(Reuters) – The European Commission confirmed on Friday its outlook for euro zone gross domestic product (GDP) growth for 2024, while slightly lowering its expectations for 2025, despite the recovery in consumption enabled by the slowdown in inflation and the rebound in real wages.

According to the autumn forecasts of the European executive, the GDP of the 20 countries sharing the euro will increase by 0.8% in 2024, which confirms the forecast announced in May, while it is expected to increase by 1.3% in 2025, compared to 1.4% expected in the spring.

In 2026, the Commission forecasts growth of 1.6% for the currency bloc.

“After returning to growth in the first quarter of 2024, the European economy continued to expand at a steady, albeit moderate, pace during the second and third quarters.
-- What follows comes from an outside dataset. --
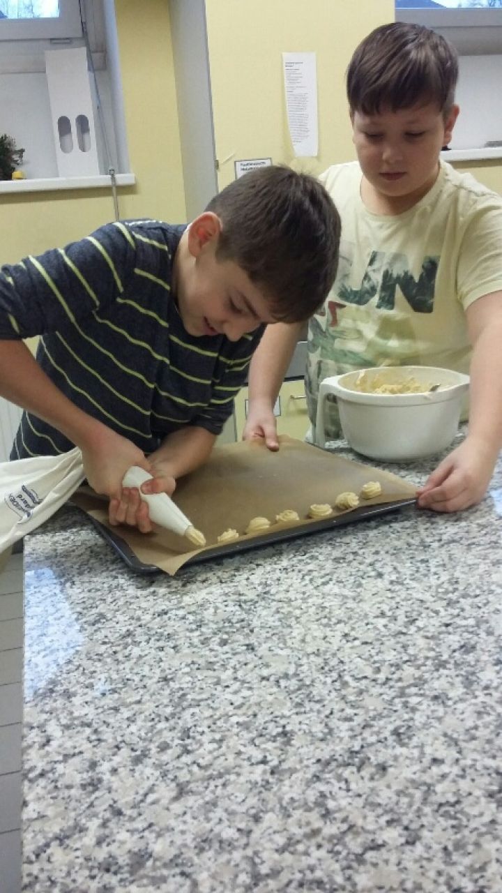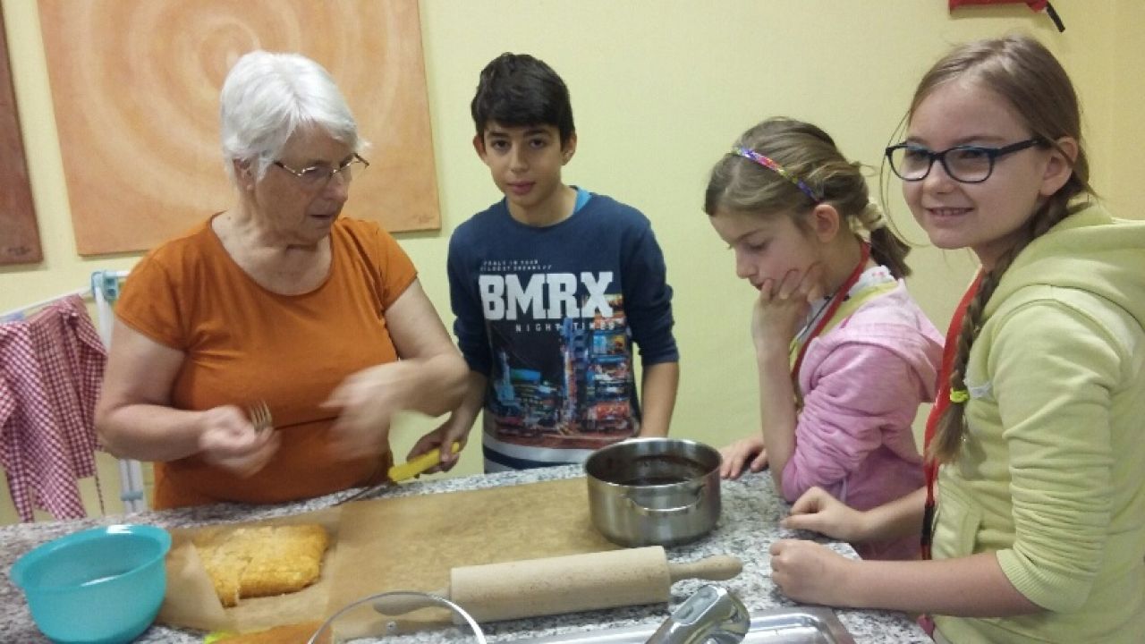Am zweiten Tag des Projekts wurden in der Schulküche, mit Unterstützung von Frau Stücklschweiger und den Damen der Familie Kainbrecht, Kekse gebacken. Für einige Kinder waren der Umgang mit Küchengeräten und das Backen eine neue Erfahrung, alle waren aber mit voller Begeisterung dabei. Neben dem Erleben von Tradition, mussten die Schülerinnen und Schüler aber auch ihre mathematischen Kenntnisse und ihr Leseverständnis anwenden, galt es doch die einzelnen Schritte der Keksrezepten zu verstehen und die Maßangaben gegebenenfalls umzuwandeln.

Employment growth and the recovery in real wages continued to support disposable income, but household consumption has been limited,” explains the Commission in a press release.

“The brakes on consumption seem to be easing,” notes the European executive. “With the gradual recovery of wages and the fall in interest rates, consumption is expected to continue to increase.”

After an expected contraction in 2024, the GDP of Germany, the euro zone’s largest economy, is expected to grow by 0.7% in 2025 and 1.3% in 2026, according to Commission forecasts.

For France, the European executive expects growth of 1.1% in 2024, then 0.8% in 2025 and 1.4% in 2026.

The EU executive expects the euro zone’s harmonized consumer price index (HICP) to fall from 5.4% in 2023 to 2.4% in 2024, compared to 2.5% expected in May , and to 2.1% in 2025. In 2026, the growth of the price index would reach 2.0%, the objective of the European Central Bank (ECB).

Budgetary consolidation should also continue in the euro zone, with the debt-to-GDP ratio of the 20 countries in the bloc expected to decrease from 3.0% in 2024 to 2.9% in 2025 and 2.8% in 2026.

“The downward risks to our forecasts have become more significant,” warns the Commission, however, which refers to geopolitical tensions and an increase in protectionist measures.